Лев Троцкий. Большевик. 1917–1923
Шрифт:
Перед отъездом Троцкий требовал, чтобы ему дали возможность взять с собой своих секретарей — Сермукса и Познанского. В этом ему отказали. Сталин по собственному опыту знал, что без секретариата работать куда сложнее, чем с секретарями. Облегчать Троцкому условия работы он не планировал. Тогда верные сотрудники решили ехать вместе с Троцким полулегально. Они купили билеты на поезд, отправлявшийся 16 января, в день запланированной высылки Троцкого, и уехали из Москвы на сутки раньше. Узнав в дороге, что высылка Троцкого отложена, они слезли на какой-то промежуточной станции и ждали следующих поездов, дождавшись поезда со своим шефом. Вот как вспоминал встречу с Сермуксом и Познанским на станции Арысь, недалеко от Чимкента, где поезд остановился на длительное время, Л. Седов: «Утром направляюсь на станцию, авось найду товарищей, о судьбе которых мы всю дорогу много говорим и беспокоимся. И действительно: оба они тут как тут, сидят в буфете за столиком, играют в шахматы. Трудно описать мою радость. Даю им понять, чтобы не подходили: после моего появления в буфете начинается, как всегда, усиленное движение агентов. Тороплюсь в вагон сообщить открытие.
Когда стемнело, Седов встретился с Познанским и передал ему указание отца ехать в Ташкент и там ожидать дальнейших инструкций, а Сермуксу добираться до Алма-Аты, но пока в контакт с ним не вступать. На десятый день медленного путешествия изгнанников наконец догнал багаж, что позволило оставшиеся сутки знакомиться с районом Алма-Аты по описаниям Семенова-Тян-Шанского, а Троцкому, кроме того, начать приводить в порядок приготовленные секретарями письменные принадлежности и бумаги, над которыми он собирался работать.

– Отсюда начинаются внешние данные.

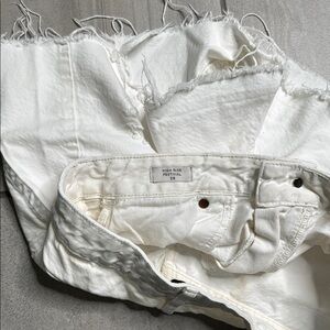 These high-waisted white shorts from PacSun feature a trendy distressed look with a raw, frayed hem. Perfect for casual outings, they offer a stylish and comfortable fit.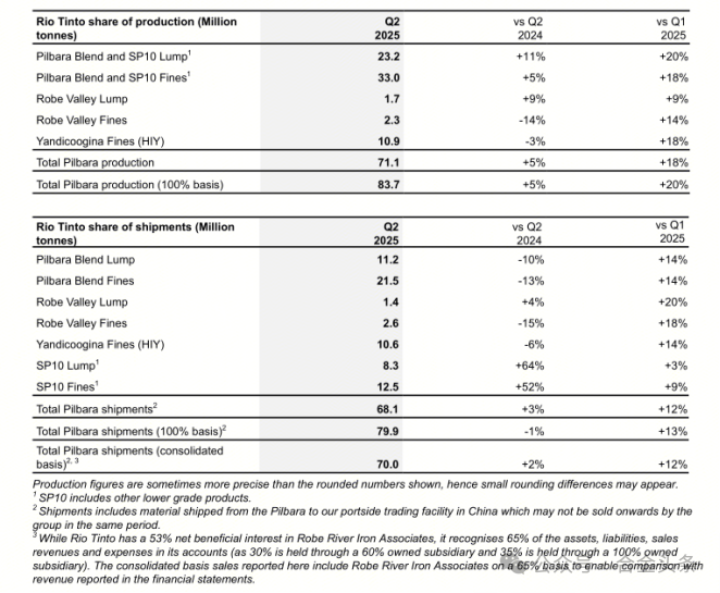 產(chǎn)量方面,2025年第二季度,皮爾巴拉業(yè)務(wù)鐵礦石產(chǎn)量(100%基準(zhǔn))為7748.0萬噸,環(huán)比上漲14.2%,同比上漲0.9%。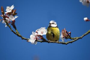 De enige mees die in hoofdzaak blauw en geel is, is de pimpelmees. Let op zijn helblauwe petje. Zijn liedje is een helder, hoog trillend riedeltje. De pimpelmees is een echte acrobaat. Vaak hangt hij ondersteboven aan twijgjes als hij voedsel zoekt. Door zijn kleine formaat en geringe gewicht komt hij waar andere vogels niet kunnen komen.

Конечной станцией был Пишпек (Фрунзе). Далее железнодорожной линии не было. Троцких пересадили на грузовик [747] , везший их, пока была возможность. Затем по высокогорной, непроходимой для автотранспорта дороге ссыльные передвигались на телегах. Заключительная часть пути была более комфортной, по крайней мере поначалу: ехали на автобусе, высланном навстречу из Алма-Аты.

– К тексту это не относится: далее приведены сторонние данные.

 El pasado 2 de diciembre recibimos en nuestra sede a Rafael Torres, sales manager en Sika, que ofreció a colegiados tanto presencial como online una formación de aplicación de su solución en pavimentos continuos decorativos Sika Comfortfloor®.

Теперь ссыльных сопровождал еще и новый конвой. Начальник прежней охраны — Кишкин — заблаговременно попросил у Троцкого документ, подтверждающий, что у Троцкого во время пути по железной дороге к конвою не было претензий и жалоб, что обращались с ними вежливо и корректно. Чины ОГПУ подстраховывались на случай возвращения Троцкого во власть. Поверить в то, что карьера вождя революции и всесильного наркома навсегда завершилась, было трудно даже чекистам. «Если оставить в стороне контрреволюционный характер ссылки меня по 58[-й] ст[атье], а также возмутительные условия отправки меня и моей семьи из Москвы, зависевшие, очевидно, не от конвойной команды и ее начальника гр. Кишкина, то в отношении следования по железной дороге я не имею никаких претензий к гр. Кишкину, который для облегчения мне и моей семье следования сделал все, что мог, в рамках данного ему свыше поручения» [748] , — указал Троцкий в «свидетельстве» Кишкину, предусмотрительно оставив себе копию этого документа.
747
Архив Троцкого. Фонд 13. T-1161.
748
Там же. T-1099; Троцкий Л. Дневники и письма. С. 18.

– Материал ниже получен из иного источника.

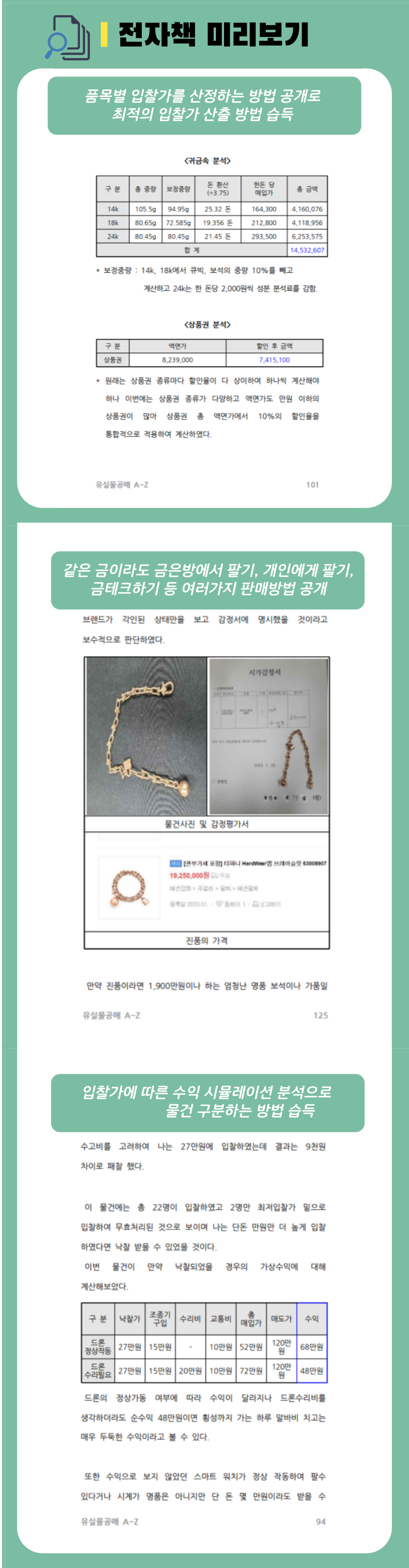 A. 유실물 공매는 여러 종류의 물건을 일괄로 낙찰받는데 모든 물건이 감정가보다 높게 팔리지는 않습니다. 예를 들어 금은 감정가와 거의 같거나 낮은 금액으로 팔수 있는데 낙찰받은 물건이 금으로만 이루어져 있다면 수익을 내기 어렵겠죠?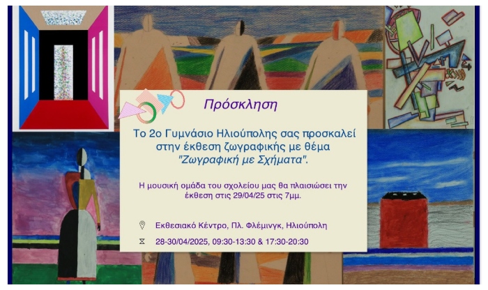 O Δήμος Ηλιούπολης έχει την τιμή να σας προσκαλέσει στην Έκθεση Ζωγραφικής του 2ου Γυμνάσιου Ηλιούπολης με τίτλο «Ζωγραφική με Σχήματα». Η έκθεση θα λάβει χώρα στο Εκθεσιακό Κέντρο του Δήμου Ηλιούπολης (Λεωφόρος Ειρήνης 14-16 & Αλκιβιάδου στην πλατεία Φλέμινγκ) από τη Δευτέρα 28 Απριλίου έως την Τετάρτη 30 Απριλίου 2025, καθημερινά 9:30 έως 13:30 το πρωί και 17:30 έως 20:30 το βράδυ.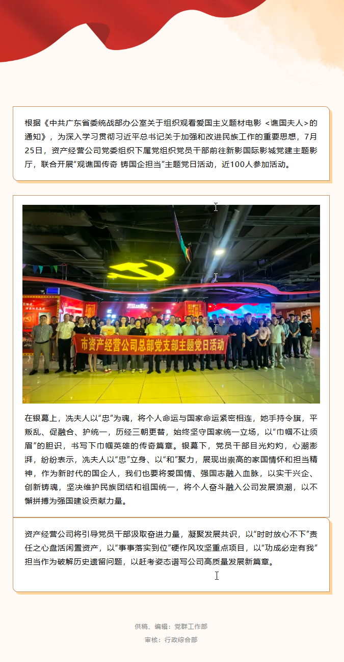 资产经营公司党委组织党员干部观看爱国电影《谯国夫人》

Первая ночевка была на старой почтовой станции. Троцкий и Седова разместились на столе, а сын — на стоявшей рядом скамейке. «Совсем не похоже на кремлевскую квартиру!» — заметила Наталья с иронией. Троцкий тоже отнесся к ситуации с иронией. Наверное, вспоминалась революционная молодость. Во имя идеалов революции он и сейчас готов был жертвовать комфортом.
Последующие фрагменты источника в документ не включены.